Rilie and Jackson are learning the alphabet. Rilie is learning how to draw letters. He has started writing/drawing with his left hand again. He has been a consistent "righty" the past year. Sometimes, he writes/draws with both hands at the same time. He does this mostly with symmetrical things, like a capitalized "A". Rilie is also counting again. When he was two years old, he could count to 20, but that went away and he couldn't count at all for a year. Now, he can consistently count to 6, and missing a number here and there to 12. Jackson has about 50 words and loves to sing. He very dramatically sings "Leh-i-go, Leh-i-go" over and over again, while gracefully alternating his hands in the air like he is shooting snow.
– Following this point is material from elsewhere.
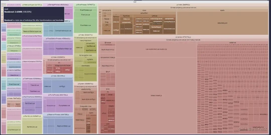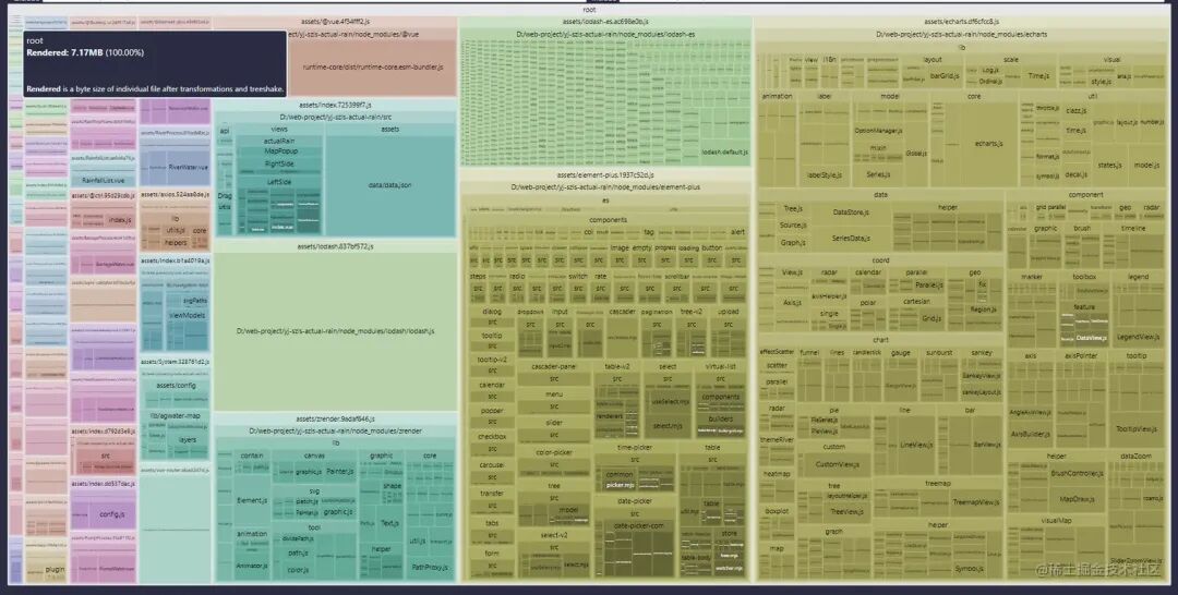 bash复制代码npm i rollup-plugin-visualizer -Djs复制代码import { visualizer } from 'rollup-plugin-visualizer'js复制代码plugins: [ visualizer({open: true})]arduino复制代码npm run build // 打包结束后会出现下图image.png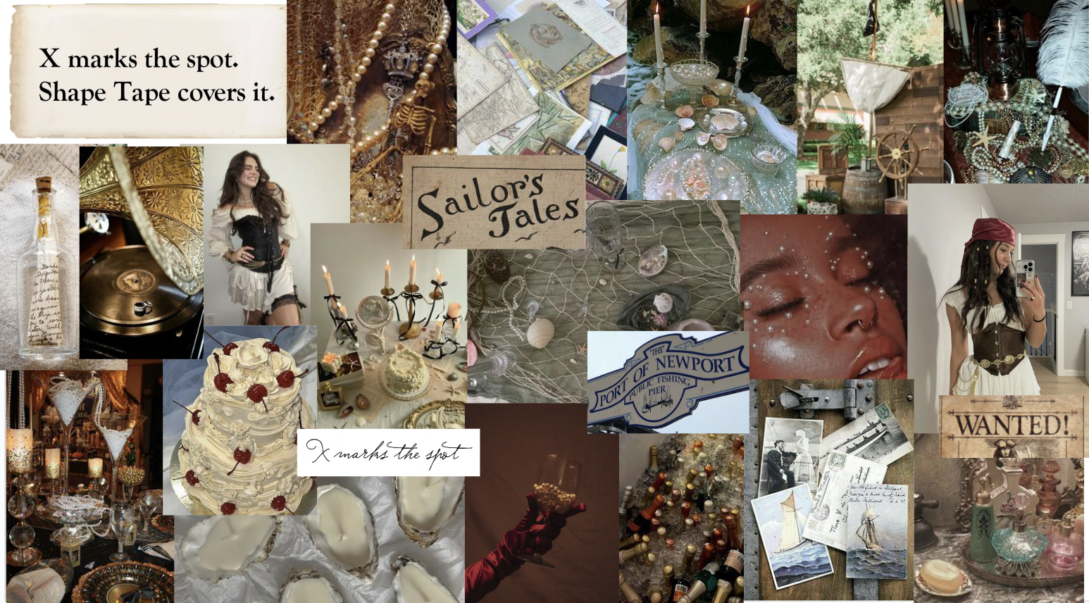 A unique concept inspired by treasure hunts, pirates and hidden gems, playing on the idea that while X marks the spot, Shape Tape covers it. Rich textures, gold highlights, pearls, vintage elements, and deep reds create a sense of discovery, mystery, and treasure.

We've started eating on a schedule. It has improved bed time with Rilie and Jackson. We start our bed time routine at 7pm and usually they're asleep by 8pm. The goal is to do activities with Alvin and Alex that are hard to do during the day with Rilie and Jackson: build circuits, play board games, etc. They have us, or one of us, from whenever we get the younger ones asleep, until 8:30pm. Since our school schedule is set up around Rilie and Jackson's needs, it's been good to add this, so Alvin and Alex feel their growing interests are valued too. The joys of finding balance as a parent.
As for activities: We went to the NW Museum and Campbell House, Spokane Family Dairy Farm, Kelly Alpaca Farm, Board Game club (This has been a huge hit! We had over 20 kids come last month), Kindermusik... and just hanging out with friends.
Cub Scouts: Alvin earned his Bear Badge, Alex earned his Wolf badge. They have many Arrow Points. We enjoyed Pinewood Derby. The boys didn't place, and they were frustrated at times. We talked about how much fun they had designing and making their cars. How they got to make them however they wanted. I encouraged them to "study" the other cars and see what they wanted to do different. They didn't want to, and that's okay. Nick thinks next year, he'll look up videos and tutorials for them to look at together, and then let them decide how to make their cars. We don't need them placing, but since they wish to win... we thought we could educate them on how to design a car and let them decide to use that knowledge.